#### DATA:
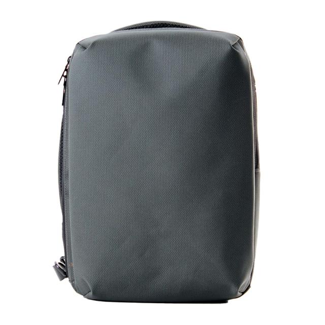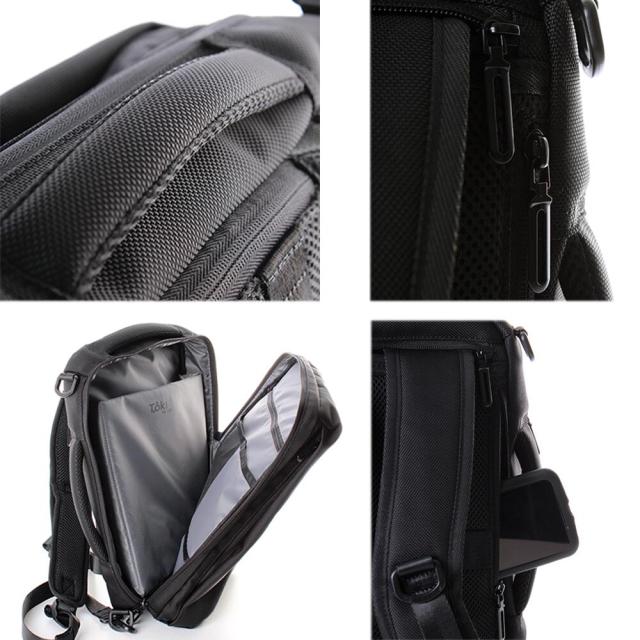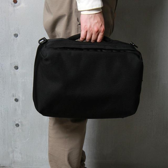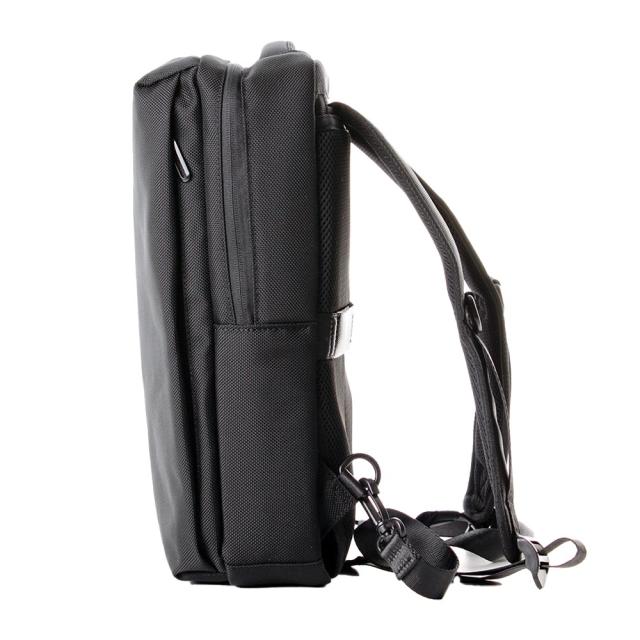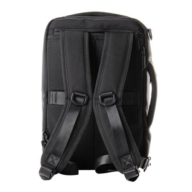 軽量撥水頑丈な1680Dのナイロン素材感を生かしたシンプルなデザインで、ブリーフとショルダー、リュックと一つの商品で様々な持ち方が出来ます。通勤など持ち方を変えたい場合などにすごく重宝します。前面のポケットはリュックとして前持ちした時に取り出しやすく便利です。メイン収納部にはオープンポケット×1、メッシュポケット×1、ファスナーポケット×1、パソコンポケット×1と充実しております。肩ベルトの収納も可能なので邪魔にならずにブリーフ持ちやショルダー持ちをしていただけます。持ち手にはしっかりとした厚みのあるウレタン素材を使用した持ち手がついており、しっかりとしているなかで、内側にはメッシュもあり柔らかくて持ち心地はとても良いです。背面側にも使いやすいファスナーポケットがございます。キャリーバーも搭載しております。見た目に相反した多機能なこちらの3WAYリュックを是非ご体感くださいませ。
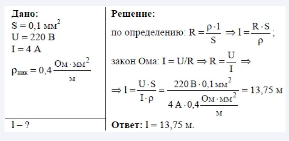 Спираль энергонагревателя изготовлен из никелиновой проволоки площадью поперечного сечения 0,1 мм в квадрате . Чему равна длина этой проволоки если при напряжении 220 В сила тока в ней 4 А?
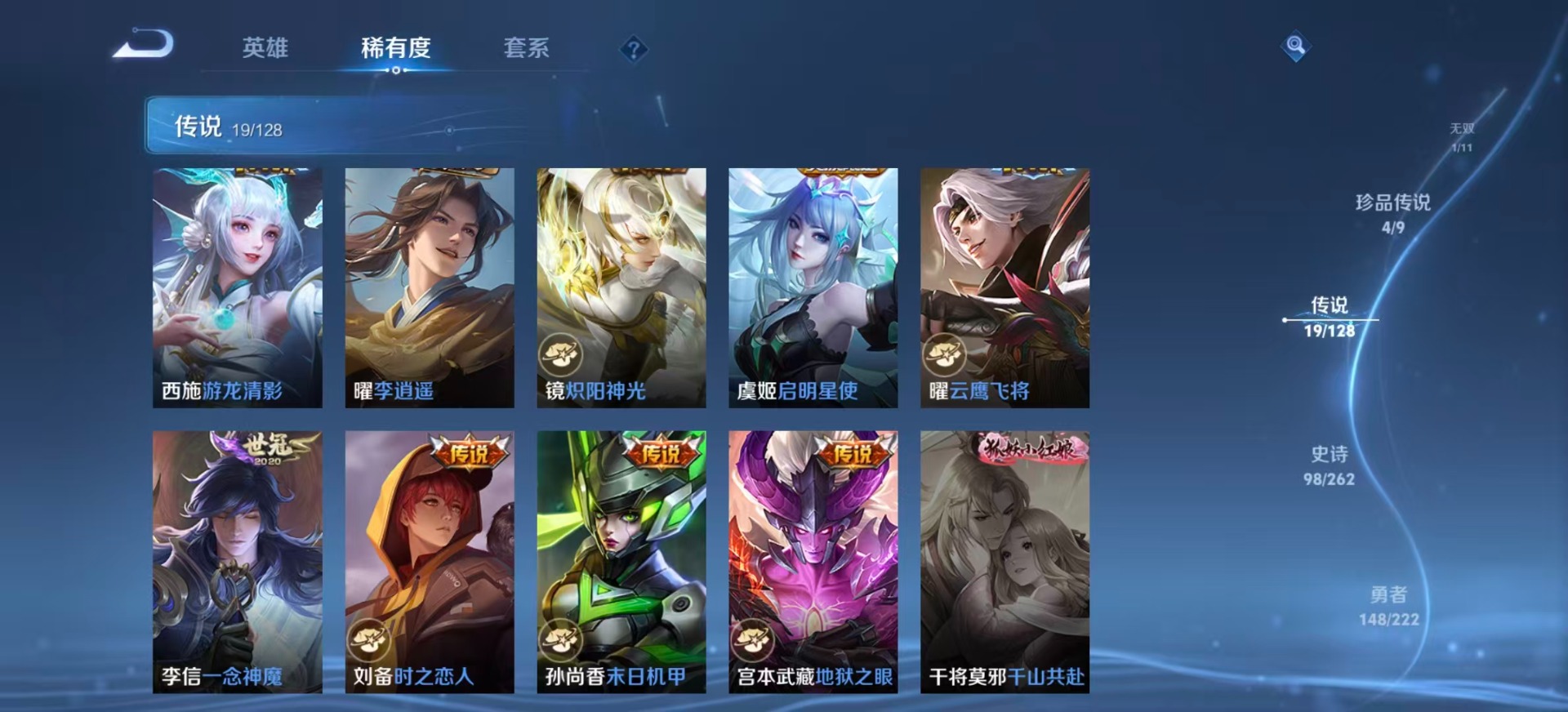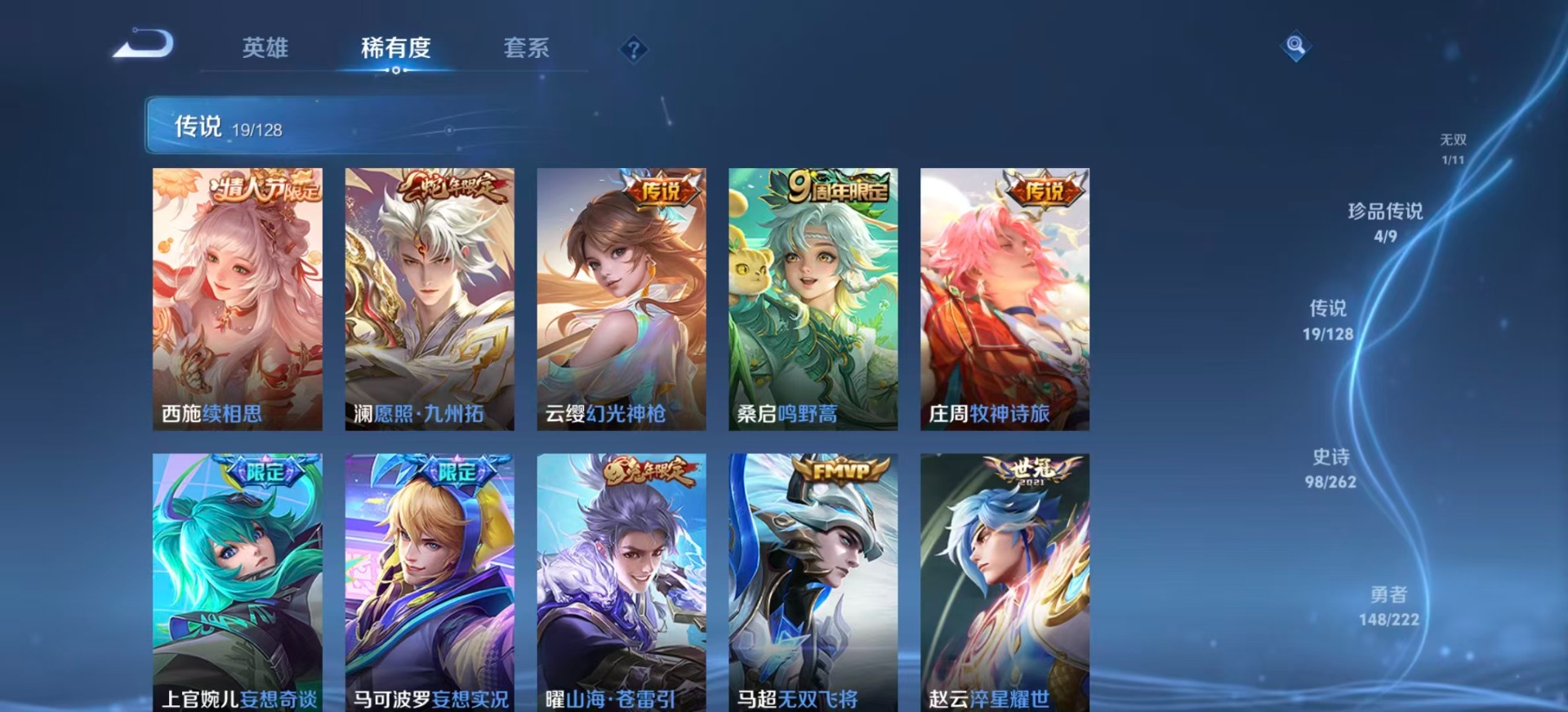 刘备时之恋人,赵云淬星耀世,李信一念神魔,庄周牧神诗旅,镜炽阳神光,西施游龙清影,西施续相思,曜云鹰飞将,曜李逍遥,马超无双飞将,云缨幻光神枪
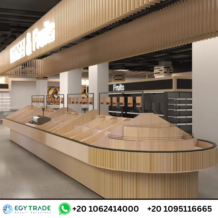 النتيجة هي تصميم تجاري راقٍ يرفع المبيعات ويقلل الهالك ويزيد من كفاءة التشغيل داخل المتجر.
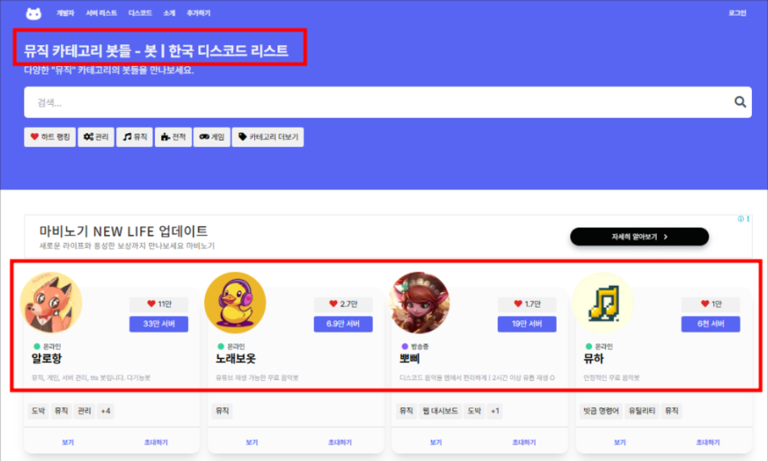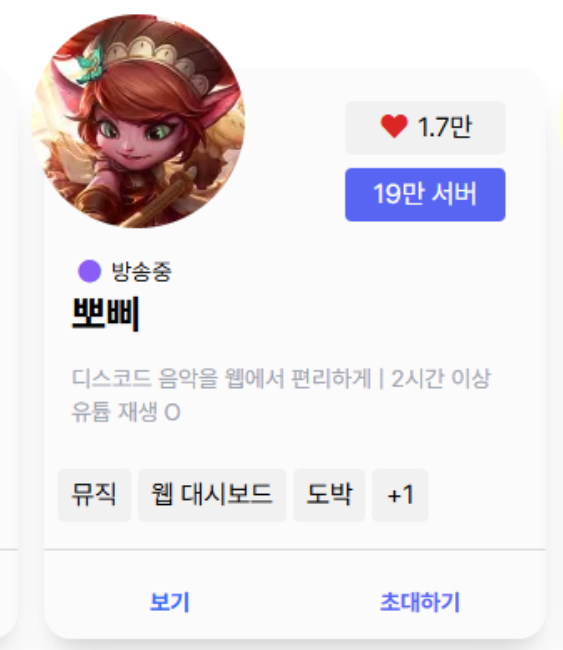 - 음악 + 서버 관리 기능을 함께 원하는 유저 추천
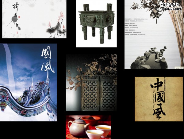 標志性的元素:水墨風格、書寫體、古代物品(瓷器,鼎之類)
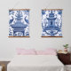 TAPIZ CON MARCO DE MADERA CHINOISERIE PAGODAS IN BLUE 1 & 2
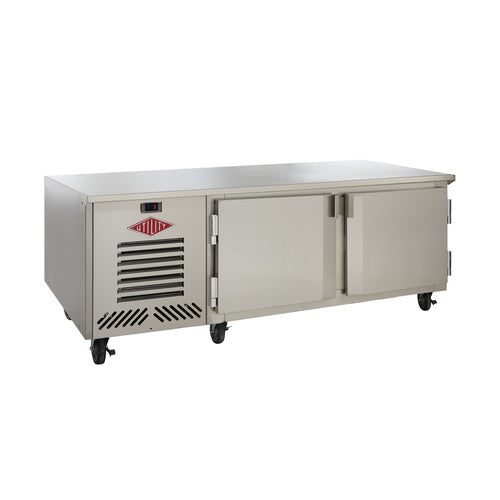 Undercounter Freezer, standard depth, two-section, side-mounted self-contained refrigeration, 68"W x 34-1/2"D x 33-1/2"H, 16.0 cu. ft., digital temperature control, (2) solid stainless steel doors, stainless steel front & sides with stainless steel flat top, 1/2 HP, cETLus, ELT-Sanitation

#### TASK BRIEF:
What is wanted is an exact copy of the lines from the line with "TAPIZ CON MARCO" through the end of the records, both ends included, pictures excluded.

#### ANSWER TO THE PROBLEM:
 TAPIZ CON MARCO DE MADERA CHINOISERIE PAGODAS IN BLUE 1 & 2
 Undercounter Freezer, standard depth, two-section, side-mounted self-contained refrigeration, 68"W x 34-1/2"D x 33-1/2"H, 16.0 cu. ft., digital temperature control, (2) solid stainless steel doors, stainless steel front & sides with stainless steel flat top, 1/2 HP, cETLus, ELT-Sanitation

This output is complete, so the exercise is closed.